Per questo me lo domandavo. Io non l'ho mai sentito--o sentito moooolto raramente--neanche negli spot TV perche' la parola intimo, di conio recente, credo, e' tanto sexy e giovane da battere il prestito.


----------



## Juri

Trovo che _intimo_ per lingerie sia un equivalente piu' che ottimo.
Ma e' nei tecnicismi, specie quelli sportivi, che l'affermarsi delle parole straniere rimane pressocche incontrastabile: pit lane, pave', tackle, paddock,pressing. Qualche traduzione si e' comunque affermata, come:sosta ai box per pit stop,rigore per penalty,scalatore/arrampicatore per grumpeur. 
Mi sa che oggi non abbondano gli inventivi come D'Annuzio, che ha introdotto il bellissimo "velivolo" o i tramezzini per i famosi sandwich.


----------



## daniele712

Calypso29 said:


> Ciao stevenvh!!!
> 
> In italiano si legge come si scrive: "lingerie", senza la "e" finale e con la "g" dolce!!!
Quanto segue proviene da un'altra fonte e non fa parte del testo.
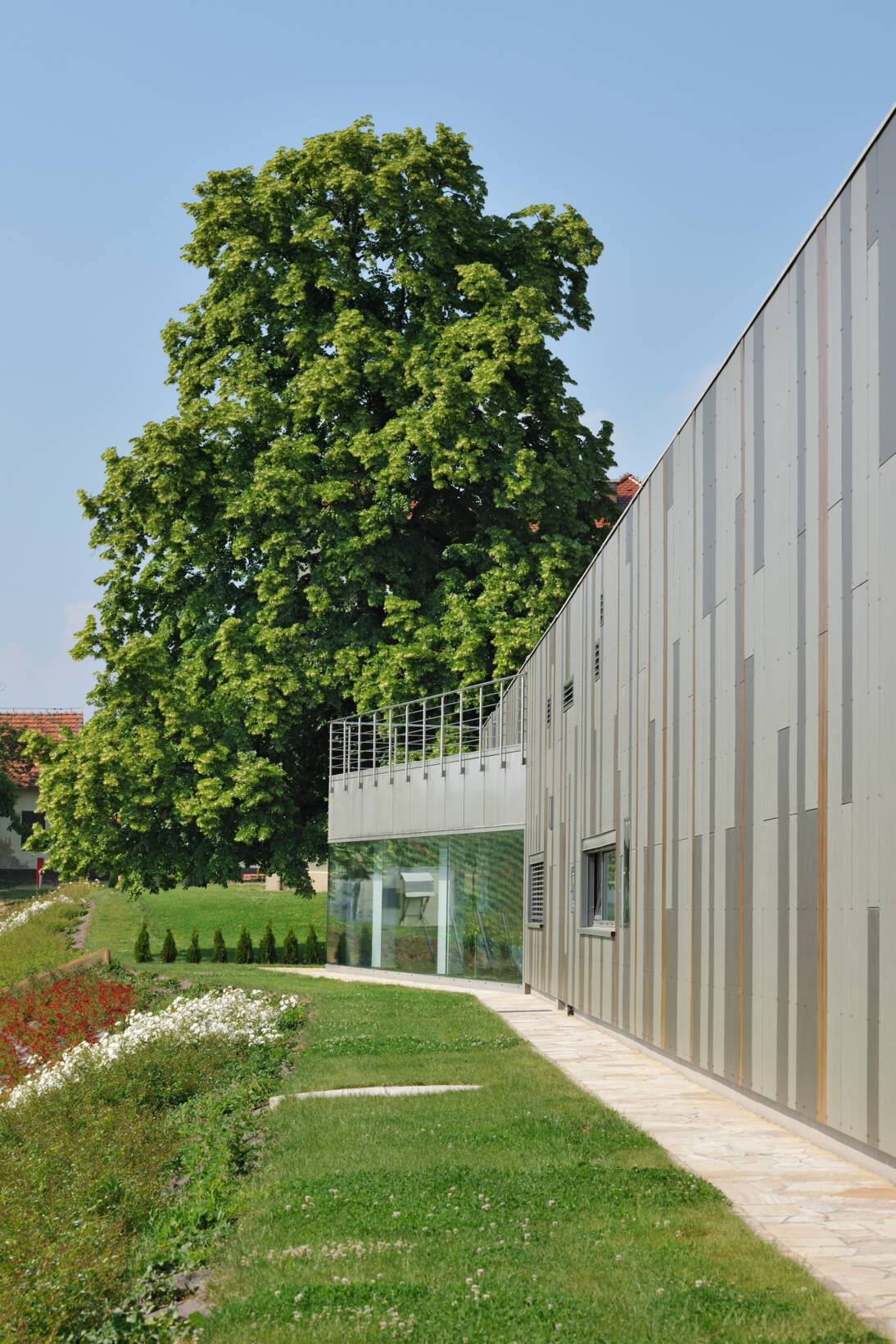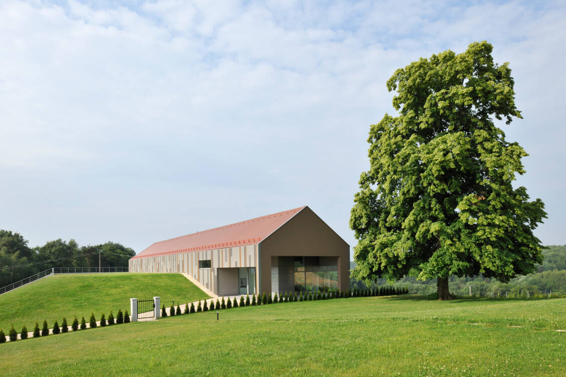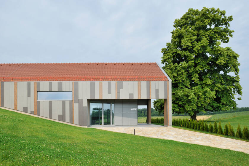 HomepageAktualnoReferenceWinery Marof Predogled Winery Marof | Mačkovci, SloveniaFasadaLargo Swisspearl NobilisKmetijska posest Marof, na vzhodu Slovenije, obstaja že več kot stoletje. Celovita prenova graščinske hiše pod nadzorom Zavoda za varstvo kulturne dediščine jo je vrnila v njen prvotni veličastni videz. Nekdanja gospodarska poslopja so bila nadomeščena z novimi objekti, vključno z novo vinsko kletjo, kjer se proizvaja novo vino Marof. Vinsko klet, ki se razprostira na 40 hektarjih vinogradov, sledi topografiji terena. Njena volumenska zasnova se podrejajo graščini in mogočni lipi, ki stoji kot nekakšen “blažilnik” med obema stavbama.Čeprav arhitektura nove stavbe, podobna hlevu, tvori kontrapunkt eklektični neoklasični graščini, se dve nasprotujoči strukturi vseeno povezujeta prek materialov, še posebej dvojne uporabe opečnate strešne kritine na dvokapnih strehah. Nova stavba se prav tako odziva na širše okolje in se nanaša na vzorec pokončnih opornikov, ki podpirajo trte. To se subtilno odraža v igri nežnih vertikalnih pasov fasadnih plošč Swisspearl v odtenkih rjave in bež vzdolž dolge horizontalne fasade. Oblikovanje pokrajine je omogočilo umestitev različnih podzemnih prostorov, vključno s stiskalnico grozdja, skladišči, kjer se hranijo vinske sode in vino zori, laboratorijem ter polnilnico steklenic. Okolna zemlja pomaga vzdrževati stalno temperaturo 14 ºC. Vidni del stavbe vsebuje stekleni sprejemni prostor, ki gleda na okoliške vinograde, in prostor za degustacijo vina.UmiestnenieMačkovci, SloveniaArchitektStudio Kalamar d.o.o., Ljubljana, SlovenijaVlastníkPanvita Marof d.o.o., Mačkovci, SlovenijaPartnerKARBA mge d.o.o., Ljutomer, SlovenijaRok2009FotografMiran Kambič Photography, Radovljica, Slovenija Nazaj na predogled

Non lingeri, ma  lingerì  con l'accento sull'ultima i . Questa almeno la italianizzazione ufficiale 

Daniele


----------



## valy822

_forumuser_ said:


> Tanto per curiosita', ma voi usate regolarmente il francesismo?


 
No, forum. Anche io sento raramente la parola _lingerie,_ si sente più spesso la parola _intimo_.


----------



## angelabonora

Mi piacerebbe che qualcuno del forum andasse in una farmacia a chiedere un tubo di Colgeit....(Colgate)....


----------